Task details:
Taking only the lines of the data below from the line with "1、请按照图中的步骤,进行先后顺序的操作,强调一下,需要 选择 avi格式" to the line with "2. Select the", ends included, write them out exactly and without pictures.

Raw data:
# # #

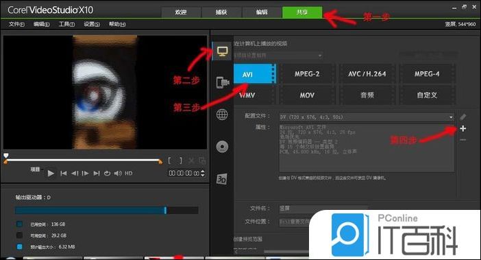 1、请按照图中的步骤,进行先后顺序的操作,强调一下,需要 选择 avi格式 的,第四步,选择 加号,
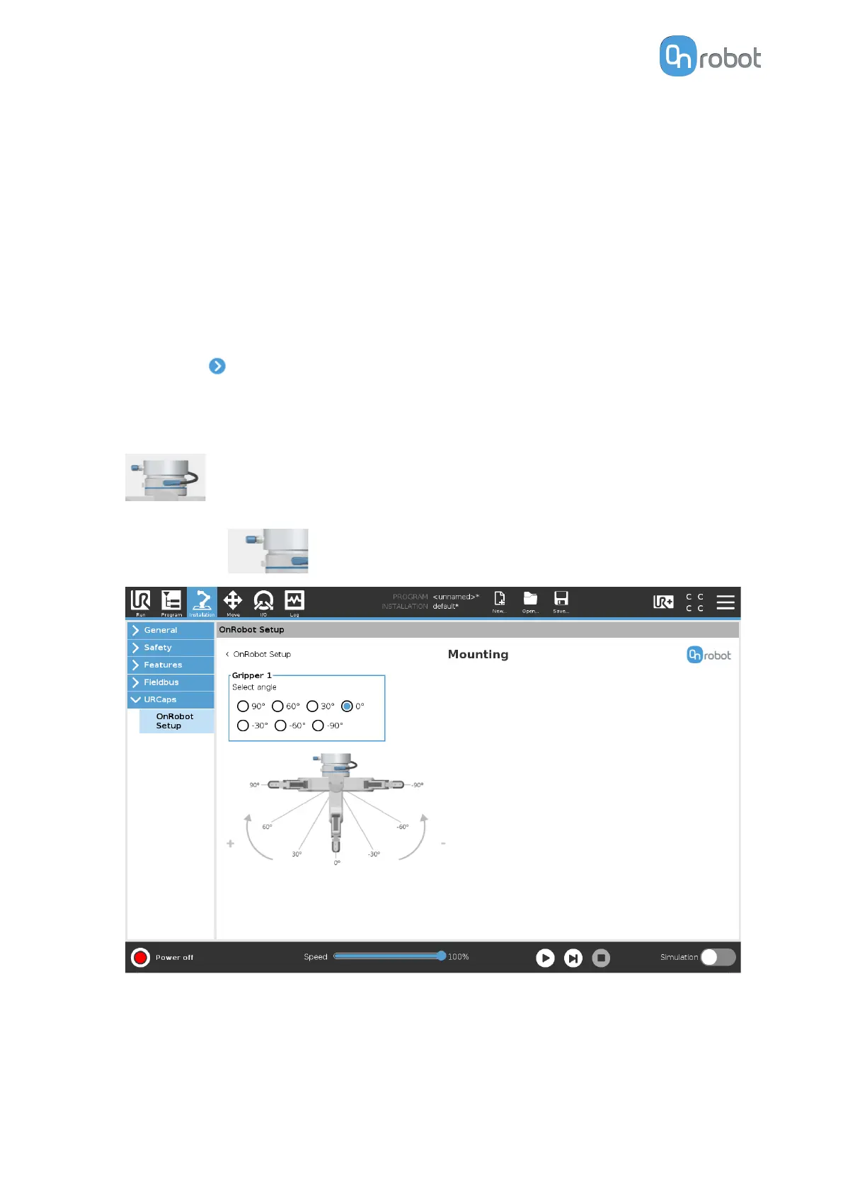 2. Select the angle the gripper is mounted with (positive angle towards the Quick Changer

# # #

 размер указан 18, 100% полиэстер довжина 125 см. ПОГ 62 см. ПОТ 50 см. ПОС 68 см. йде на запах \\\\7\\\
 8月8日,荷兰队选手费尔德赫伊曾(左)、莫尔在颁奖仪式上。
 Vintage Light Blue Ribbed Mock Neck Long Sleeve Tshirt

# # #

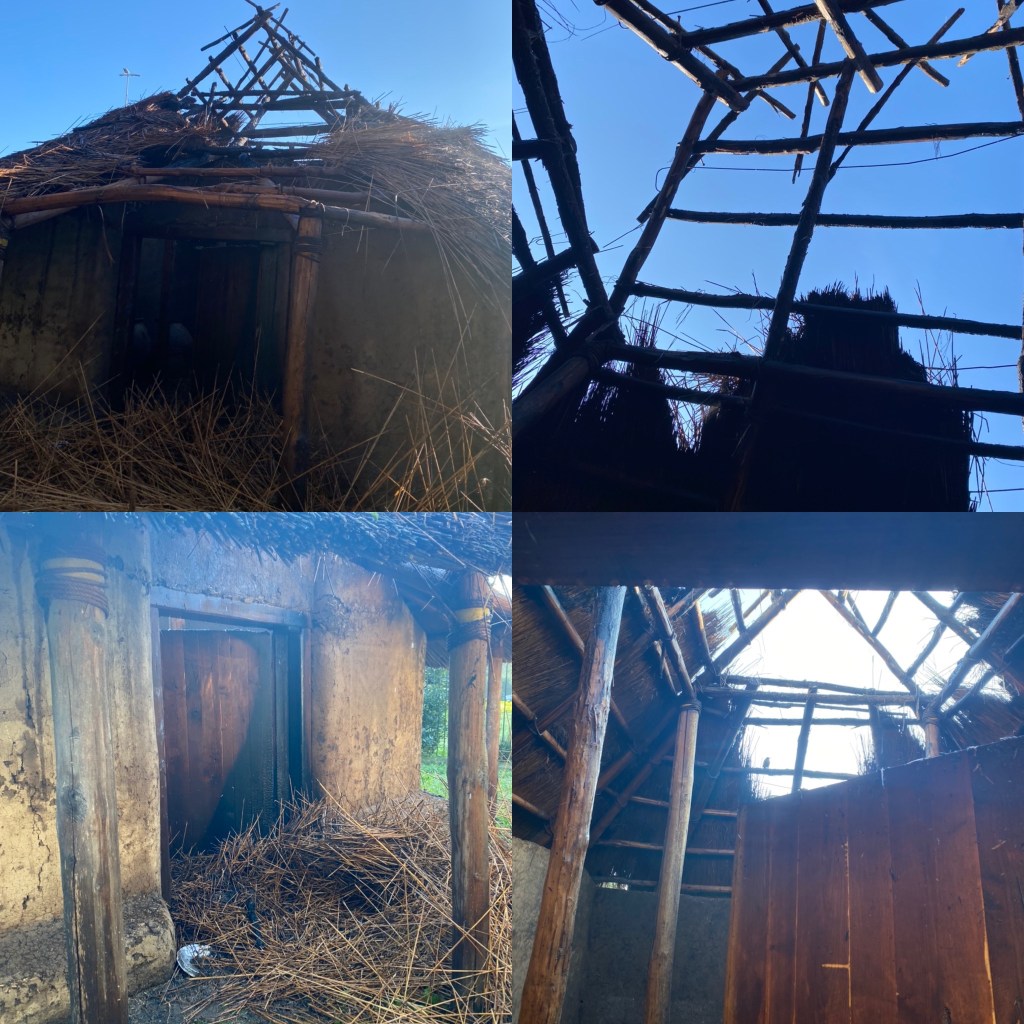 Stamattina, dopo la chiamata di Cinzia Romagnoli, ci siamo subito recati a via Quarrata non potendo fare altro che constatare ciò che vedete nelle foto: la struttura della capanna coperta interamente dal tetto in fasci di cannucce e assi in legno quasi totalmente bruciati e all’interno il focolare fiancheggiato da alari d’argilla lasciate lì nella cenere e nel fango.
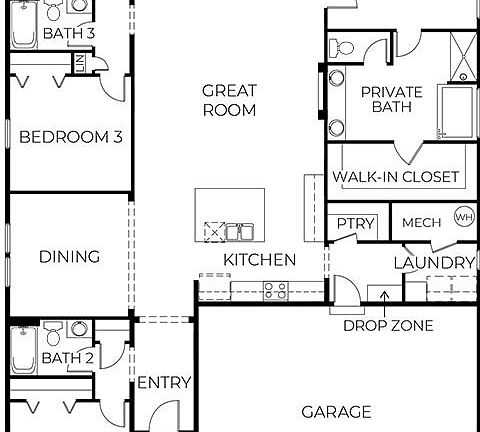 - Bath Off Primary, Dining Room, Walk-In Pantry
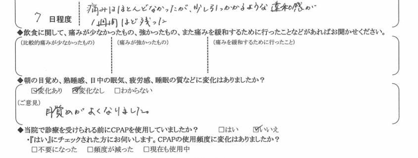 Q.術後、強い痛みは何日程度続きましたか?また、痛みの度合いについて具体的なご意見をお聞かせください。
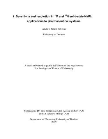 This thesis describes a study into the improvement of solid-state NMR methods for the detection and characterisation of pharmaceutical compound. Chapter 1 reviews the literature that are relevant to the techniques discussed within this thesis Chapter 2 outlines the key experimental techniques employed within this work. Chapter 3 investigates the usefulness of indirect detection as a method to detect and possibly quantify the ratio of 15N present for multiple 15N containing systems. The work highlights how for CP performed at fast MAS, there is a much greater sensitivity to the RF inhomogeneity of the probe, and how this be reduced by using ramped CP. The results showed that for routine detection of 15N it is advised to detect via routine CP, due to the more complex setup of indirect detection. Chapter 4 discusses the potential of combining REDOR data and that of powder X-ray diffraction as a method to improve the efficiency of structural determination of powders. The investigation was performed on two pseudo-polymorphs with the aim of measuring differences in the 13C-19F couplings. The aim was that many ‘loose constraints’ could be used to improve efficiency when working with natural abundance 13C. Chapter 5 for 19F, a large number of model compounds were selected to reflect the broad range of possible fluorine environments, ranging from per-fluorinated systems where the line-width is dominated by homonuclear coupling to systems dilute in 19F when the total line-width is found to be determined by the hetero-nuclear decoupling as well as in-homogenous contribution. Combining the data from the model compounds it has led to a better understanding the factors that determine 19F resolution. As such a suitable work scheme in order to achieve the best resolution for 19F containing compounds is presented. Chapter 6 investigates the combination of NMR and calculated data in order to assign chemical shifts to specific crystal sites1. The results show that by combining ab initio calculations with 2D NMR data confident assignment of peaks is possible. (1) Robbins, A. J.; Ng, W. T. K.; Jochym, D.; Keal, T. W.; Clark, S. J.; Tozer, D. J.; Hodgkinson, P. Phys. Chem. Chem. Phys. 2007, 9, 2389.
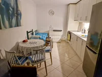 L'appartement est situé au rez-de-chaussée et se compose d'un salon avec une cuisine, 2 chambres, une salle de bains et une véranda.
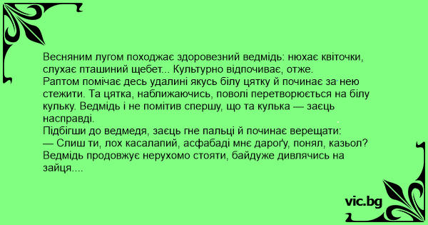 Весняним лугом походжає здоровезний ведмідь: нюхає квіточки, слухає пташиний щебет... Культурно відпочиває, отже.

# # #

Final answer:
 1、请按照图中的步骤,进行先后顺序的操作,强调一下,需要 选择 avi格式 的,第四步,选择 加号,
 2. Select the angle the gripper is mounted with (positive angle towards the Quick Changer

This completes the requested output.